>>

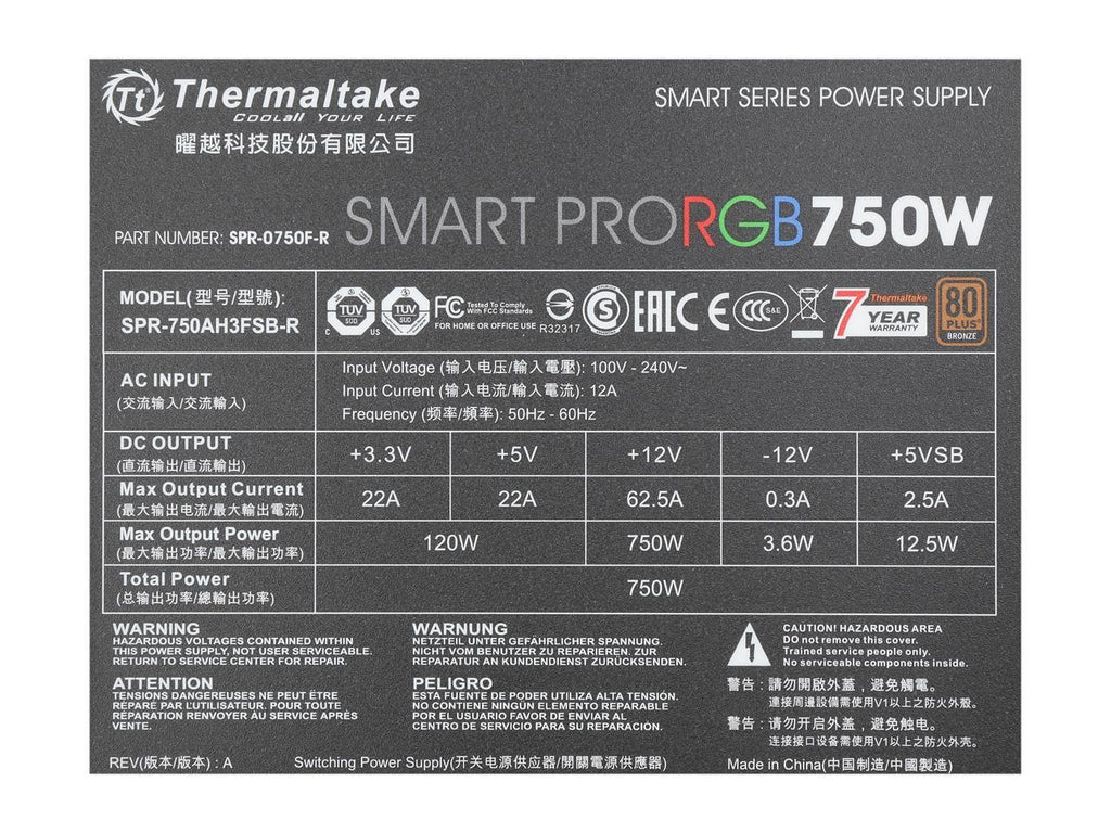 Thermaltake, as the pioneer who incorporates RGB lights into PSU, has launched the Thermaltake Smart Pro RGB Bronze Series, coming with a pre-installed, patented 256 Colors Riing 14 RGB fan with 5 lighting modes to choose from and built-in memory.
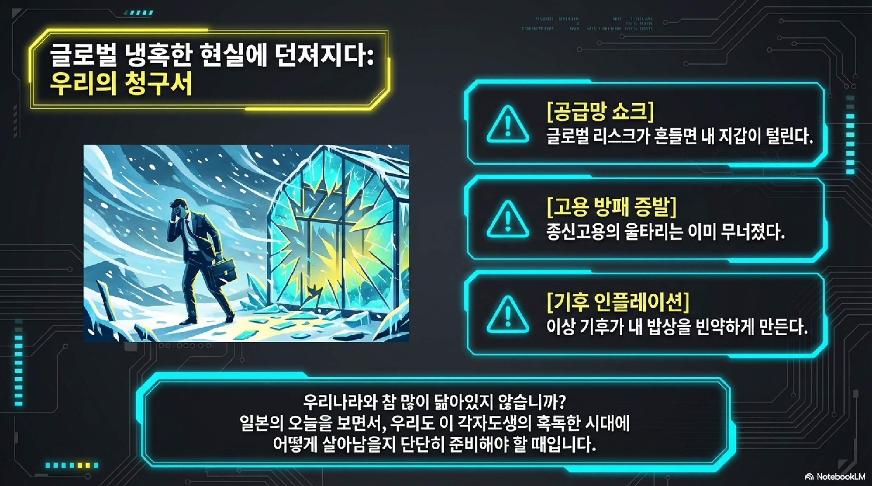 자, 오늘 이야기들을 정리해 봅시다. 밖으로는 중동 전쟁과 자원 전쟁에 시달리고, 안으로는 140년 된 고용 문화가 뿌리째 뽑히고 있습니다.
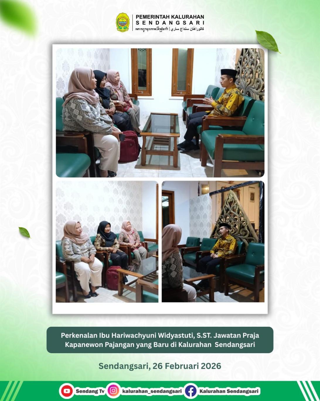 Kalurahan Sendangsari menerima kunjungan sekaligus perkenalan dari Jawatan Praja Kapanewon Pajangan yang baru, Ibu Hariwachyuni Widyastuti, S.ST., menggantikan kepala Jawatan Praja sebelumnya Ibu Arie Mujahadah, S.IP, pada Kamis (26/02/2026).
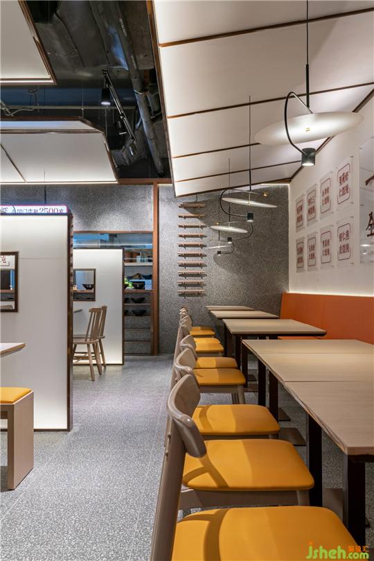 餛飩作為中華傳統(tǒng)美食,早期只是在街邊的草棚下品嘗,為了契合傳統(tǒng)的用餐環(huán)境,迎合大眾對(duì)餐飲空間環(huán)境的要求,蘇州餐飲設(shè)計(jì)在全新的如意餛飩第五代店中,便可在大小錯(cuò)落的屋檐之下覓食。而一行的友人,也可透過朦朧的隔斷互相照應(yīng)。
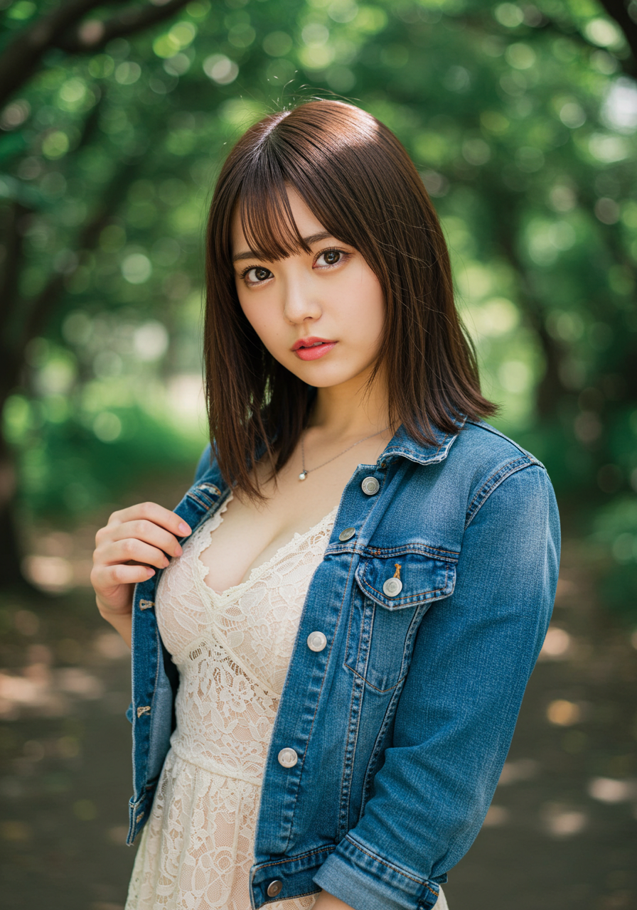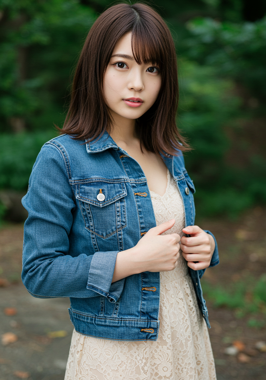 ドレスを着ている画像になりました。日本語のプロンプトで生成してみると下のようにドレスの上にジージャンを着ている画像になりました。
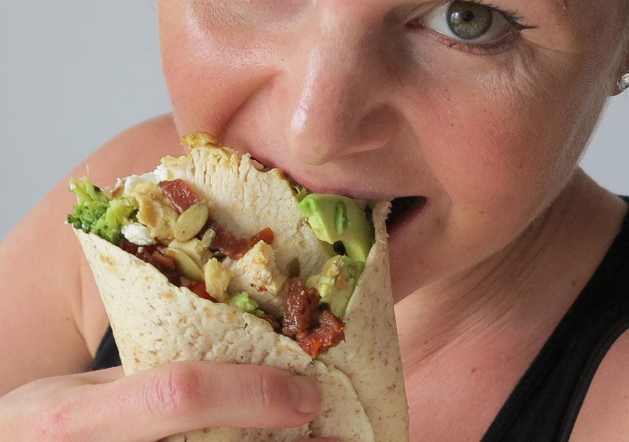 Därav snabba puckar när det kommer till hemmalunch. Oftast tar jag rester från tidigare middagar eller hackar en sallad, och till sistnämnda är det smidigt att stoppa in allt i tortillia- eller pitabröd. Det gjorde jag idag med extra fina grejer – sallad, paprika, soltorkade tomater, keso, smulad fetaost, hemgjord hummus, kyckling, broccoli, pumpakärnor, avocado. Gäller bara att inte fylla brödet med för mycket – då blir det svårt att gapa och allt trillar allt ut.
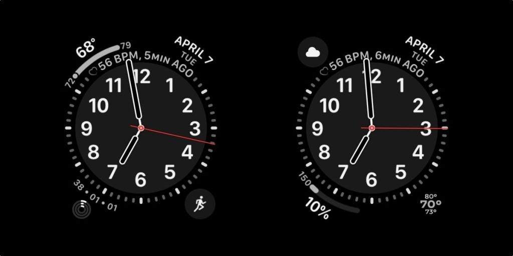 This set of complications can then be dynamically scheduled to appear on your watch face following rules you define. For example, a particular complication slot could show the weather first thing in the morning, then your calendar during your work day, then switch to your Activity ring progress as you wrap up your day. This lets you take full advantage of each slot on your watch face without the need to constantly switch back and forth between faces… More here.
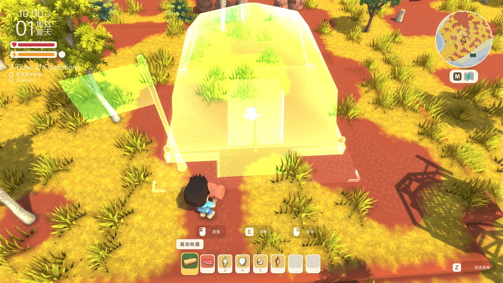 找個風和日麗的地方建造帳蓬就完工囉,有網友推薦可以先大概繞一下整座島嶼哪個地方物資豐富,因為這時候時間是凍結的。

<<

## Your task
If pictures appear in the data, do not print them; repeat the rest exactly.

## Task result
 Thermaltake, as the pioneer who incorporates RGB lights into PSU, has launched the Thermaltake Smart Pro RGB Bronze Series, coming with a pre-installed, patented 256 Colors Riing 14 RGB fan with 5 lighting modes to choose from and built-in memory.
 자, 오늘 이야기들을 정리해 봅시다. 밖으로는 중동 전쟁과 자원 전쟁에 시달리고, 안으로는 140년 된 고용 문화가 뿌리째 뽑히고 있습니다.
 Kalurahan Sendangsari menerima kunjungan sekaligus perkenalan dari Jawatan Praja Kapanewon Pajangan yang baru, Ibu Hariwachyuni Widyastuti, S.ST., menggantikan kepala Jawatan Praja sebelumnya Ibu Arie Mujahadah, S.IP, pada Kamis (26/02/2026).
 餛飩作為中華傳統(tǒng)美食,早期只是在街邊的草棚下品嘗,為了契合傳統(tǒng)的用餐環(huán)境,迎合大眾對(duì)餐飲空間環(huán)境的要求,蘇州餐飲設(shè)計(jì)在全新的如意餛飩第五代店中,便可在大小錯(cuò)落的屋檐之下覓食。而一行的友人,也可透過朦朧的隔斷互相照應(yīng)。
 ドレスを着ている画像になりました。日本語のプロンプトで生成してみると下のようにドレスの上にジージャンを着ている画像になりました。
 Därav snabba puckar när det kommer till hemmalunch. Oftast tar jag rester från tidigare middagar eller hackar en sallad, och till sistnämnda är det smidigt att stoppa in allt i tortillia- eller pitabröd. Det gjorde jag idag med extra fina grejer – sallad, paprika, soltorkade tomater, keso, smulad fetaost, hemgjord hummus, kyckling, broccoli, pumpakärnor, avocado. Gäller bara att inte fylla brödet med för mycket – då blir det svårt att gapa och allt trillar allt ut.
 This set of complications can then be dynamically scheduled to appear on your watch face following rules you define. For example, a particular complication slot could show the weather first thing in the morning, then your calendar during your work day, then switch to your Activity ring progress as you wrap up your day. This lets you take full advantage of each slot on your watch face without the need to constantly switch back and forth between faces… More here.
 找個風和日麗的地方建造帳蓬就完工囉,有網友推薦可以先大概繞一下整座島嶼哪個地方物資豐富,因為這時候時間是凍結的。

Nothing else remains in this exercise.